Founder, Underpitch · Educational material on market structure, chart reading and risk awareness.
3 July 2026
Technical analysis studies price, volume and market behaviour to form a probability-based view of trend, momentum, volatility and potential decision levels. It does not predict the future with certainty. A useful process combines market structure, a small number of tools, clearly defined invalidation and position sizing.
Key points
- Price action should come before indicators.
- Use a repeatable process rather than collecting many signals.
- Confirm a setup across trend, level, volume and risk.
- Define the exit and maximum loss before entry.
What technical analysis can and cannot do
Technical analysis can organise market information, identify trend and define levels where a trade idea is invalid. It cannot guarantee direction, eliminate gap risk or turn a weak strategy into a profitable one.
A practical analysis sequence
Start with the higher-time-frame trend, mark major support and resistance, study the current structure, check volume and momentum, then define entry, invalidation, target logic and position size.
Building a trading plan
A plan should state the market, time frame, setup, trigger, stop, target method, maximum rupee risk and conditions that cancel the trade. Keep records so the process can be tested.
Avoiding indicator overload
Indicators are calculations based on price or volume. Using many related indicators can create false confidence because several tools may be repeating the same information.
Worked Indian-market example
A swing trader sees a stock in a weekly uptrend, waits for price to pull back toward a prior breakout zone, checks that selling volume is declining, and enters only after a daily reversal. The stop is below the structure, and quantity is reduced so the planned rupee loss stays within the risk budget.
Quick reference
| Concept | What it shows | Practical meaning |
|---|---|---|
| Trend | Direction and structure | Higher highs/lows or lower highs/lows |
| Level | Where buyers or sellers reacted | Support, resistance, breakout zone |
| Momentum | Speed of movement | RSI, MACD or rate of change |
| Volume | Participation and conviction | Expansion on breakout, contraction on pullback |
| Risk | What happens if wrong | Stop, sizing and portfolio heat |
Risks and limitations
- Charts can fail during news, results or market-wide shocks.
- Backtests can be overfitted to past data.
- Illiquidity and slippage can invalidate theoretical levels.
- Emotion can cause traders to ignore the original plan.
Frequently asked questions
Is technical analysis useful for investing?
It can help with market structure and entry discipline, but long-term investing should also consider business quality, valuation and financial goals.
How many indicators should I use?
Use only tools that answer different questions. One trend tool, one momentum tool and volume may be enough.
Can technical analysis guarantee profit?
No. It works with probabilities, and losses are unavoidable.
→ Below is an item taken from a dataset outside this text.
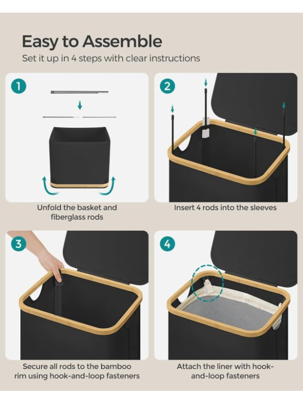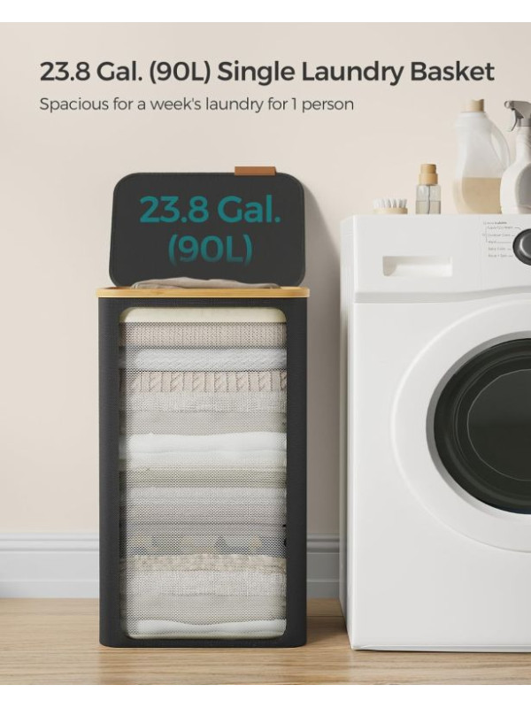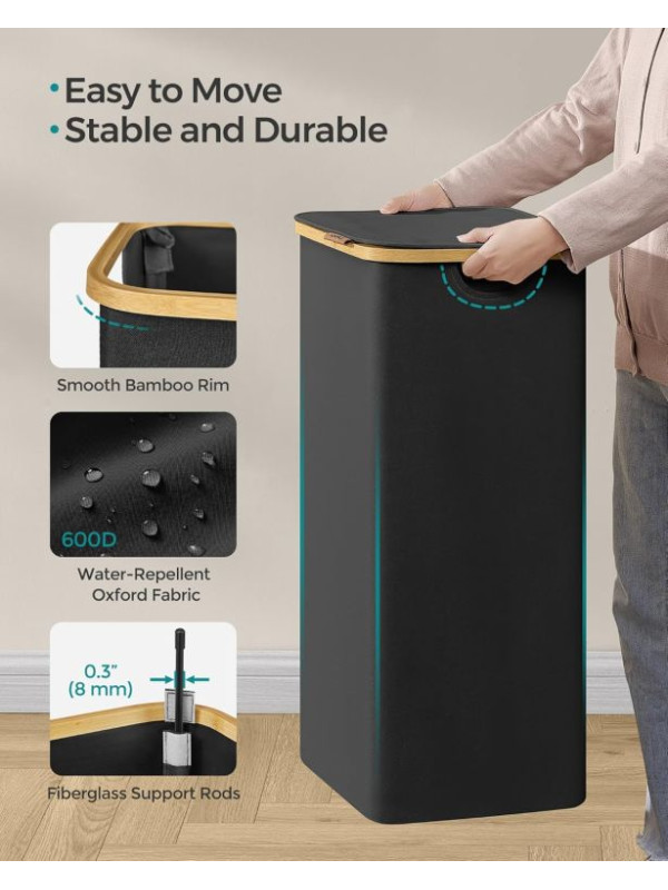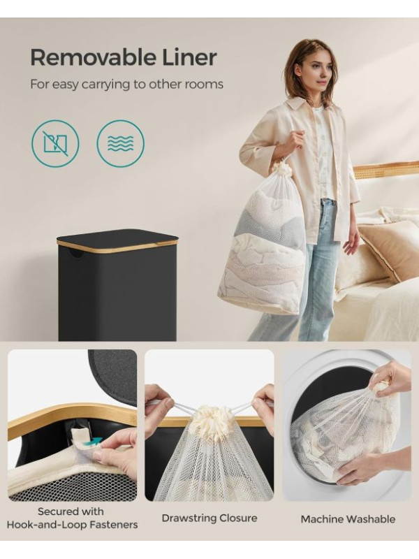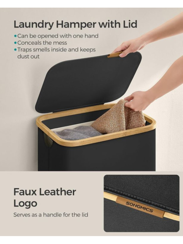 Urobte si poriadok v domácnosti s priestranným košom na bielizeň SONGMICS s objemom 90 litrov. Moderný dizajn v čiernej farbe, doplnený bambusovými úchytmi a praktickým vekom, skvele zapadne do každého interiéru. Vyberateľná sieťovaná vložka vám uľahčí manipuláciu aj pranie a vďaka skladacej konštrukcii kôš ľahko upratáte, keď ho práve nepotrebujete.

What should a beginner learn first?
Learn candlesticks, trend, support and resistance, volume, risk and journaling before complex indicators.
Sources and methodology
Technical analysis is a market-study framework, not a promise of returns. Verify exchange rules, contract specifications and risk disclosures from official sources before acting.
This page is for education and chart-reading awareness. It is not a personalised investment, trading, legal or tax recommendation. Technical setups can fail and market losses can exceed the planned amount because of gaps, leverage, liquidity and execution.